Scraping app store reviews#

In the Washington Post's project, they found a "secret API" that allowed them to download all the App Store reviews of target "random chat apps." We're going to download reviews using the marketing platform Sensor Tower instead. Our target apps will be Chat with Strangers, Yubo, Holla, and Skout.

Their reviews section doesn't have a download button, so we use a Selenium web scraper to download the information instead.

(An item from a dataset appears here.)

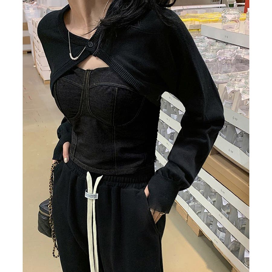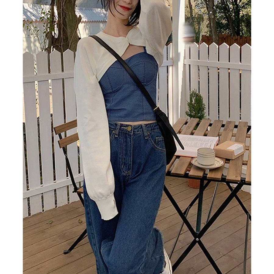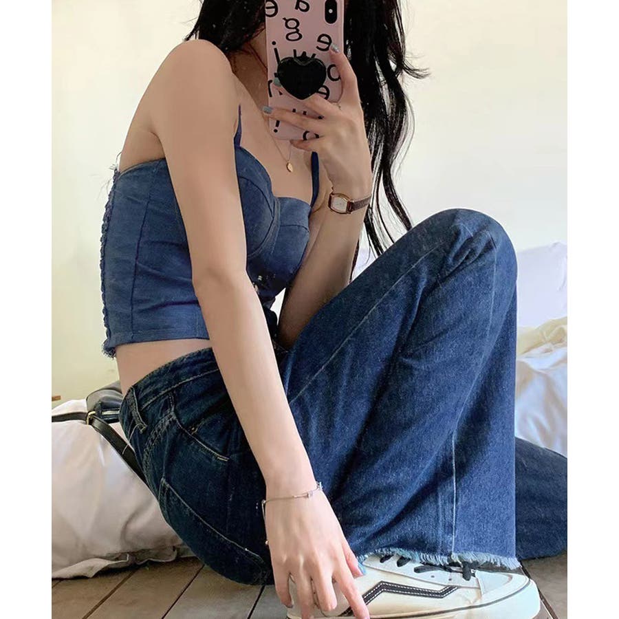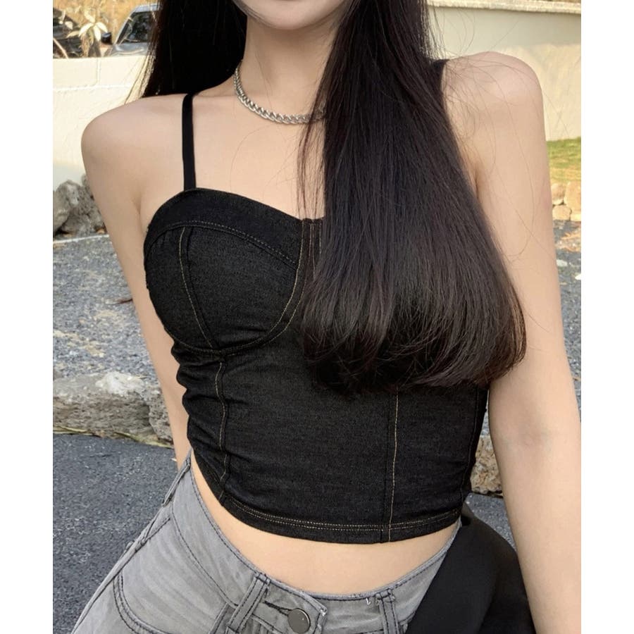 デニム風キャミ ビスチェ バックレース

Read online Download notebook Interactive version

from bs4 import BeautifulSoup
import pandas as pd
import time
import numpy as np

from selenium import webdriver
from selenium.webdriver.common.by import By
from selenium.webdriver.support.ui import WebDriverWait
from selenium.webdriver.support import expected_conditions as EC

driver = webdriver.Chrome()
driver.get('https://sensortower.com/ios/US/twelve-app/app/yubo-make-new-friends/1038653883/review-history?selected_tab=reviews')

Select your options and scrape#

After you log in, select the following options to make sure you're only scraping US-based reviews. This is mostly to make sure we keep everything in English, as we won't be able to manually find racism etc in non-English reviews.

Date: All time
Country: US

def get_page():
    doc = BeautifulSoup(driver.page_source)
    rows = doc.select("tbody tr")

    datapoints = []
    for row in rows:
        cells = row.select("td")
        data = {
            'Country': cells[0].text.strip(),
            'Date': cells[1].text.strip(),
            'Rating': cells[2].select_one('.gold')['style'],
            'Review': cells[3].select_one('.break-wrap-review').text.strip(),
            'Version': cells[4].text.strip()
        }
        datapoints.append(data)
    return datapoints

all_data = []
wait = WebDriverWait(driver, 5, poll_frequency=0.05)
while True:
    wait.until(EC.invisibility_of_element_located((By.CSS_SELECTOR, '.ajax-loading-cover')))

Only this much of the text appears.